This is a resting splint made for me by a local Occupational Therapist. They’re used at night or when resting to leave my wrists in a comfortable position. They’re moulded plastic so can’t be heated (they’ll lose their shape) but can be put in the freezer to cool them before wearing

Image Image    Image

I currently use the grey braces to sleep to protect my wrists. The blue braces are made of a cushioning elastic material to provide some comfort while out and about and also are less noticeable!

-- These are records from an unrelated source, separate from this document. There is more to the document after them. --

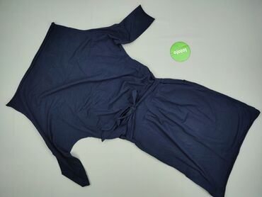 Niebieska sukienka dzianinowa z paskiem - Fason: taliowana, z szerokim pasem i dołączonym paskiem do wiązania - Rękawy: krótkie, swobodne (nietoperz) - Długość: do kolan lub przed kolano (zależnie...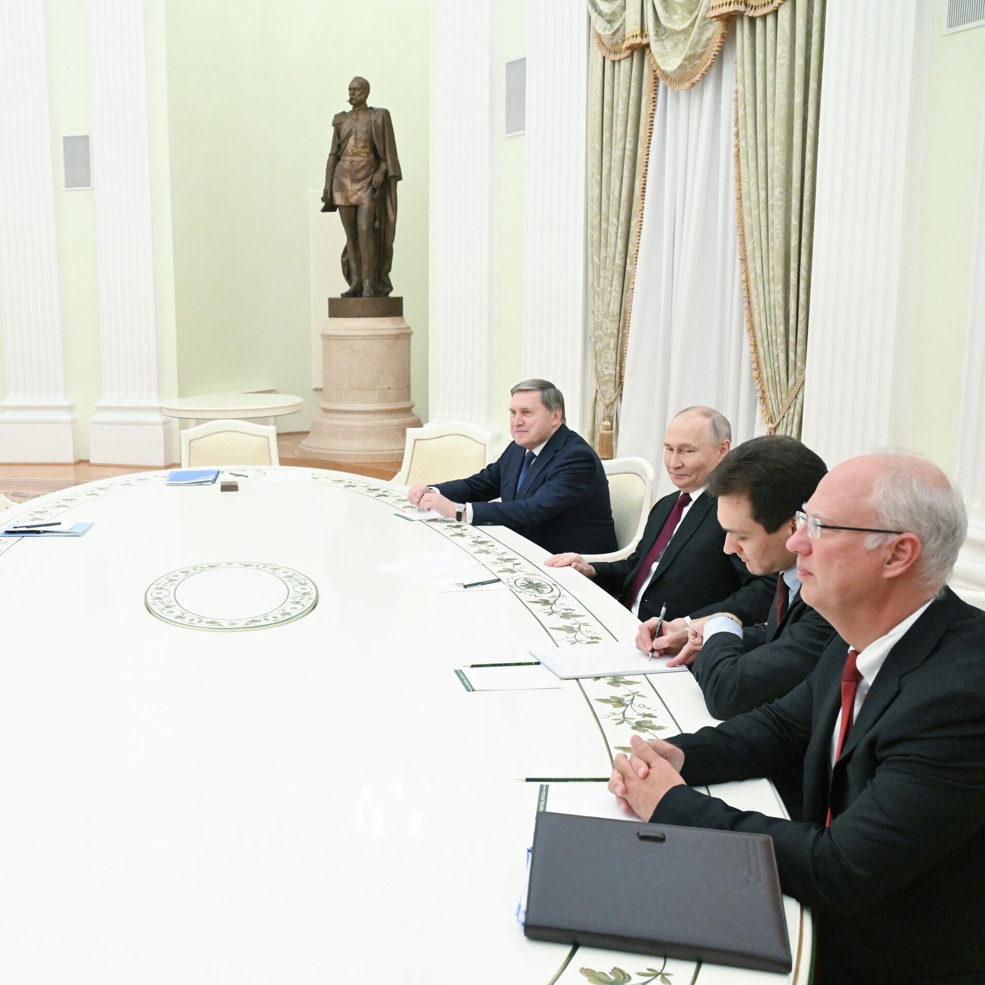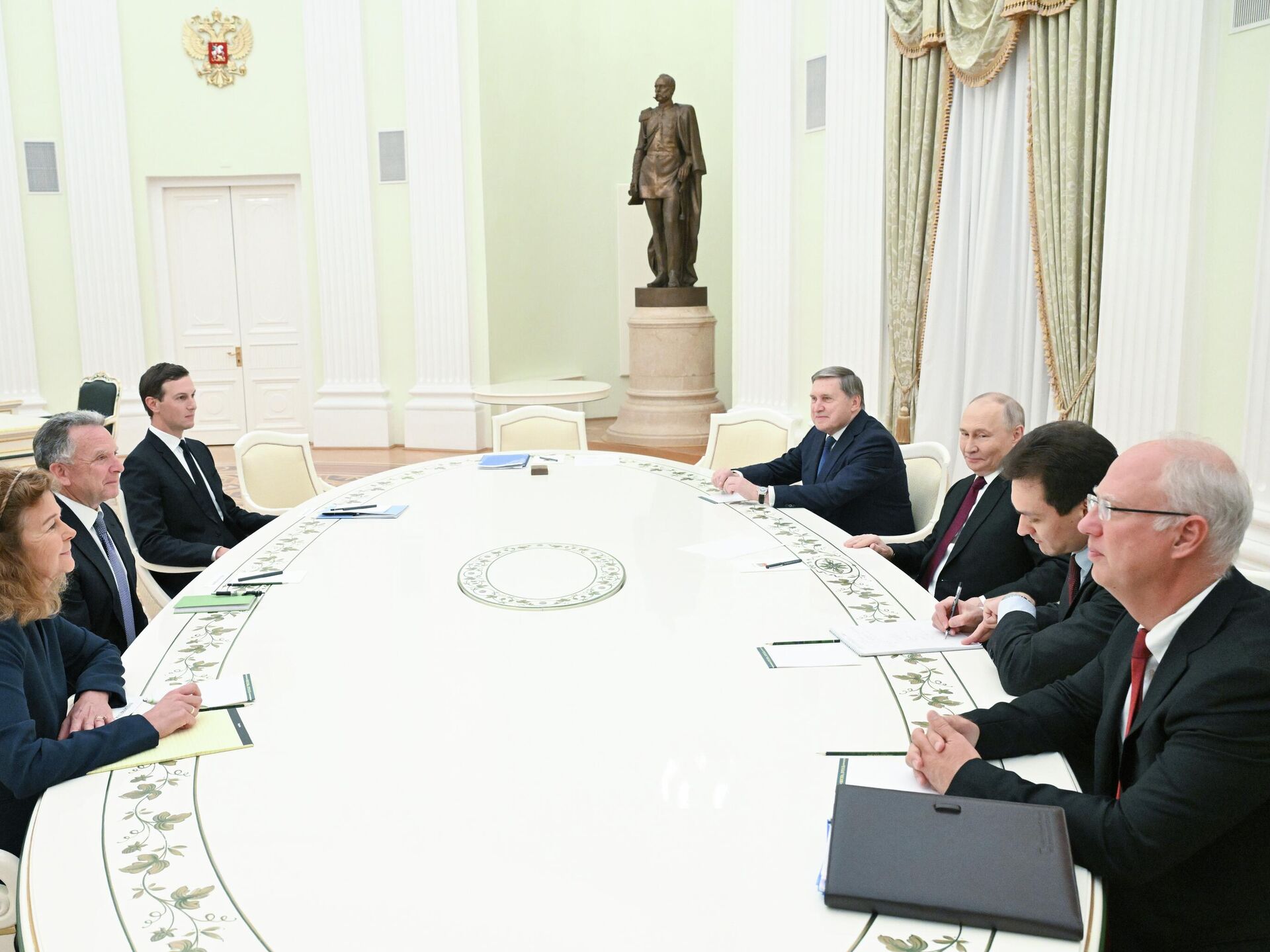 De acordo com Ushakov, as conversas foram "muito produtivas". Apesar do clima agradável, Putin disse à delegação norte-americana que a Rússia poderia concordar com algumas partes do plano dos EUA para a Ucrânia, mas que outras partes geraram críticas. Ele afirmou que os dois lados declararam estar prontos para continuar trabalhando juntos para alcançar um acordo.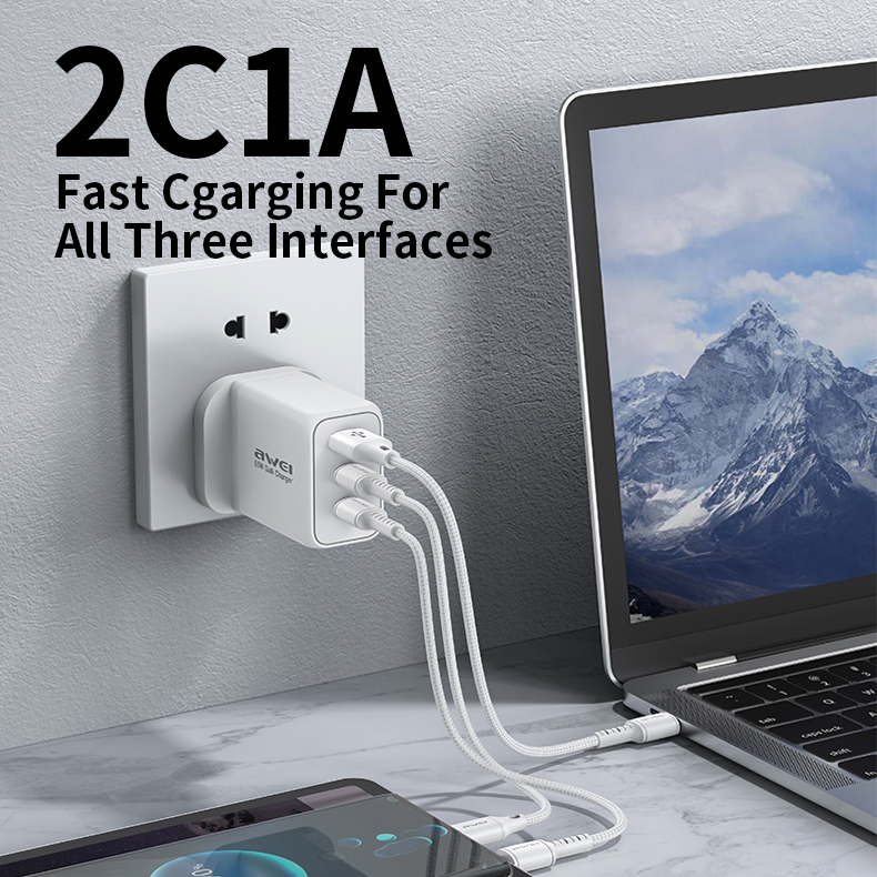 USB-C1+USB -C2+USB -A Output::45w+5v/3a(60W Max)

 These fingers splints are another wonderful item provided by my lovely Occupational Therapist. I have hypermobility so holding a pen has always been difficult. It was always a running joke at school about the weird shape my fingers make when holding a pen, but I never thought there was much I could do about it. These splints allow my fingers to bend and grip, but not hyperextend



The pen grip is also useful, especially at work when I’m writing while treating patients because I can’t wear the splints then

Image   Image

An ingenious use of foam tubing found in most hardware stores. Making the grip on things like cutlery, toothbrush, makeup brushes, hairbrushes larger makes daily tasks that little bit easier. Tasks which most people don’t have a second thought about can be seriously difficult, especially in a flare



This jar opener has saved my fingers and wrists from a lot of pain when there’s no one around to open the jar for me. In fact, it gives me a sense of satisfaction that with this simple device I can usually open a jar myself, even if it’s never been opened before! It can be used on a variety of jar sizes and different diameter aids are available to offer more varied help. I used it as pictured, by pressing down with my palm and not gripping with my fingers, then moving my whole arm or body to rotate it. Very little finger or wrist pain is a luxury!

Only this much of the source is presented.